The Victoire, anchored by captain Marie-Philip Poulin and a deep forward corps, sit at 60 points with two games remaining after clinching a playoff spot earlier this month. Boston, which became the first team to lock up a playoff berth back in late March, trails Montreal closely on points but has played fewer games, making the fight for the number-one seed a game-by-game calculation rather than a decided question.
At the bottom of the playoff picture, the Ottawa Charge hold the fourth and final seed with 36 points, while the New York Sirens and Toronto Sceptres are tied behind them at 34 points apiece. All three teams have three games left, and a handful of regulation or overtime results in the next week will determine which club plays into May and which pair watches the Walter Cup chase from home.

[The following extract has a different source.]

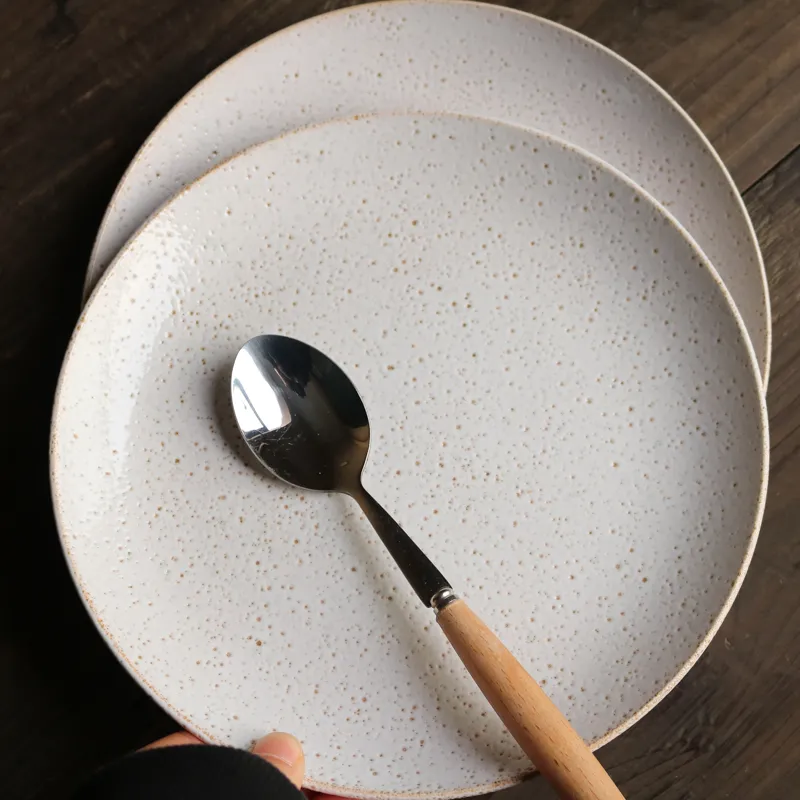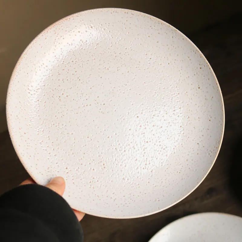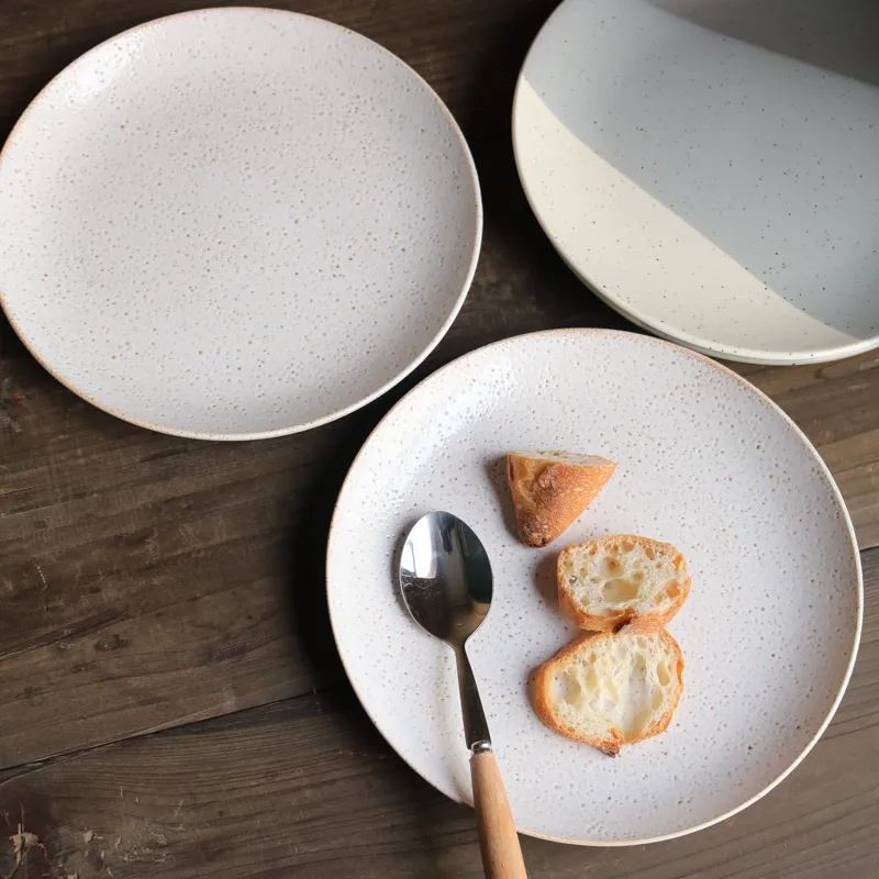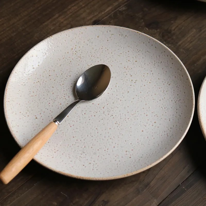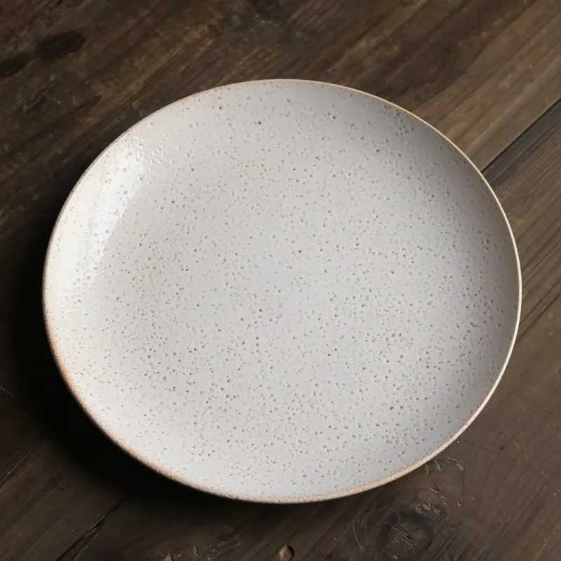 Ceramic Retro Ins Weathered Effect Pitted 8-Inch Plate: A Unique Japanese-Style Flat Plate

Victoire inching toward the top
Montreal's path to the top seed has been built on the kind of steady production that typifies elite hockey teams. The Victoire overcame a late Fleet surge in a key midweek match at Place Bell to grab an overtime victory that reinforced their grip on home-ice advantage. Captain Poulin continues to lead by example, and her linemates have produced consistent supporting totals that have kept the Victoire in the top tier of the league's offensive teams.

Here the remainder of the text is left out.